Par Élise Untermaier-Kerléo, Maîtresse de conférences HDR de droit public à l’Université Jean Moulin Lyon 3 (Equipe de droit public de Lyon), référente déontologue

Pourquoi ce déplacement fait-il débat ?

Anne Hidalgo fait l’objet de vives critiques sur le coût, la durée et le bilan carbone de son déplacement en Nouvelle-Calédonie et en Polynésie, révélé par le Canard Enchaîné le 25 octobre 2023. Le séjour a duré trois semaines, avec d’abord un volet officiel du 16 au 22 octobre 2023, en présence d’une délégation de six personnes (trois élus et trois membres de son cabinet) ; puis, quinze jours de vacances privées, avec son mari, dans l’île où sa fille, son gendre et ses petits-enfants se sont installés l’été dernier. La crise a été attisée par la volonté de la maire ne pas médiatiser son voyage et la publication d’une vidéo la mettant en scène pédalant à Paris alors qu’elle se trouvait, le même jour, à plusieurs milliers de kilomètres.

L’association AC !! Anti-Corruption a annoncé, le 15 novembre 2023, avoir déposé une plainte contre X pour détournement de fonds publics, auprès du parquet de Paris, qui l’a transmise au Parquet national financier (PNF). Ce dernier a confirmé à l’AFP le 22 novembre être en train d’analyser la plainte de l’association. Le PNF a également reçu un premier signalement sur ces faits provenant d’un élu. Aucune enquête n’est ouverte à ce stade. Par ailleurs, le patron de la fédération de Paris de Renaissance Sylvain Maillard a également affirmé avoir signalé ce déplacement à la procureure de la République, dans un entretien au Parisien le 22 novembre. 

Dans quelle mesure la ville de Paris peut-elle prendre en charge en tout ou partie le coût de ce voyage ? 

La collectivité peut prendre en charge certaines dépenses limitativement énumérées par la loi, notamment les frais nécessités par « l’exécution d’un mandat spécial » (CGCT, art.
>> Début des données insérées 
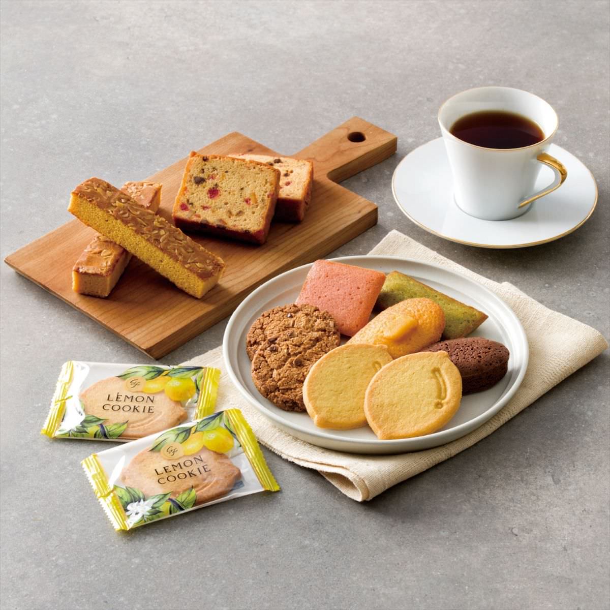 【数量・内容】オレンジマドレーヌ・ピスタチオフィナンシェ各3個・ブラウニー4個・ブラウンシュガーパウンドケーキ2個・ケーキ(ストロベリーショコラ4個・アーモンドキャラメル2個)・クッキー(チョコチップ・レモン各5個)【賞味期間】製造日より常温約120日【仕様】こちらの商品は沖縄・離島へのお届けができません。

L. 2123-18).  Selon le Conseil d’État, le mandat spécial comprend « toutes les missions accomplies avec l’autorisation du conseil municipal dans l’intérêt des affaires communales, à l’exclusion seulement de celles qui lui incombent en vertu d’une obligation résultant d’une disposition législative ou réglementaire expresse » (CE, 24 mars 1950, Sieur Maurice ; v. aussi CAA Bordeaux, 16 juin 2016, n° 14BX02045, Préfet de Mayotte). Il est admis que la délibération puisse être adoptée postérieurement au déplacement en cas d’urgence (circulaire du 15 avril 1992 relative aux conditions d’exercice des mandats locaux)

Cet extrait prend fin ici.